→ Exercise instructions:
Since the listing below shows pictures, leave them out and write out exactly the lines from the line with "Kółko meblowe Brazylia" to the line with "Адаптер питания для", both included, and no others.

=== Records to process ===

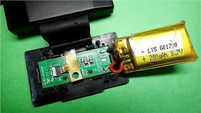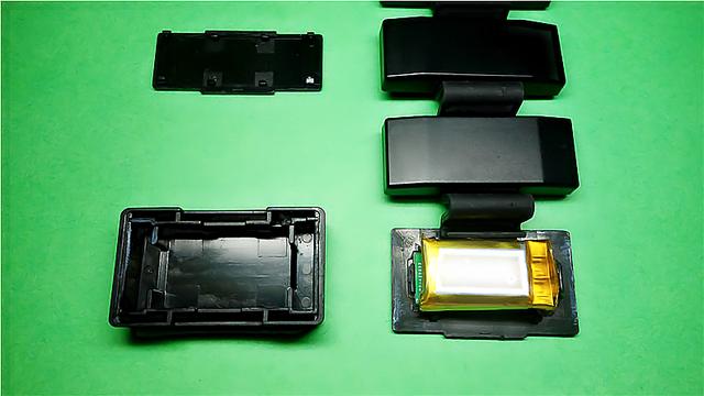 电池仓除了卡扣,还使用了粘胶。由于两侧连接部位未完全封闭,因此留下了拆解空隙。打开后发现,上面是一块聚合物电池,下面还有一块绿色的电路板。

===
=== Records to process ===

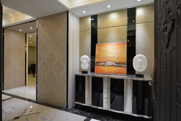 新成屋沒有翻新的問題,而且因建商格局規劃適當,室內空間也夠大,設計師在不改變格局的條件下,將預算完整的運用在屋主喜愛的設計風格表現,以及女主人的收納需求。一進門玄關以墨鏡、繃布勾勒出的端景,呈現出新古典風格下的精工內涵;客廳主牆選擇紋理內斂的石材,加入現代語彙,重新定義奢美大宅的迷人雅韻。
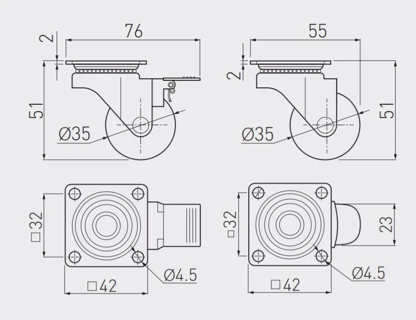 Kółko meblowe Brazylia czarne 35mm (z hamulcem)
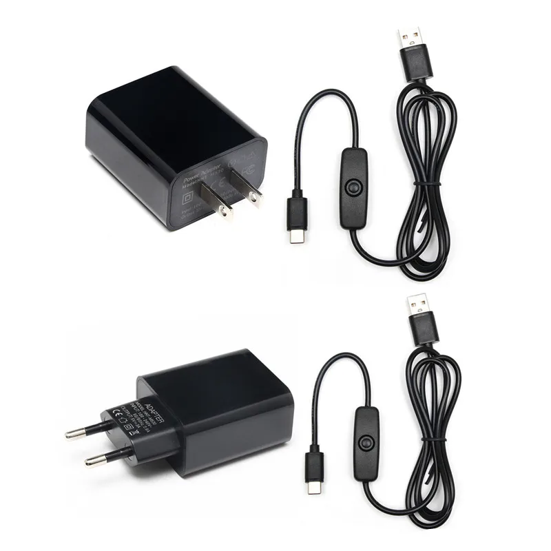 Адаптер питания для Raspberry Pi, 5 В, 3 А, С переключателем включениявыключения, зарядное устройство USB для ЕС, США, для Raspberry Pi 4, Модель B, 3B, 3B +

===

→ Exercise response:
 Kółko meblowe Brazylia czarne 35mm (z hamulcem)
 Адаптер питания для Raspberry Pi, 5 В, 3 А, С переключателем включениявыключения, зарядное устройство USB для ЕС, США, для Raspberry Pi 4, Модель B, 3B, 3B +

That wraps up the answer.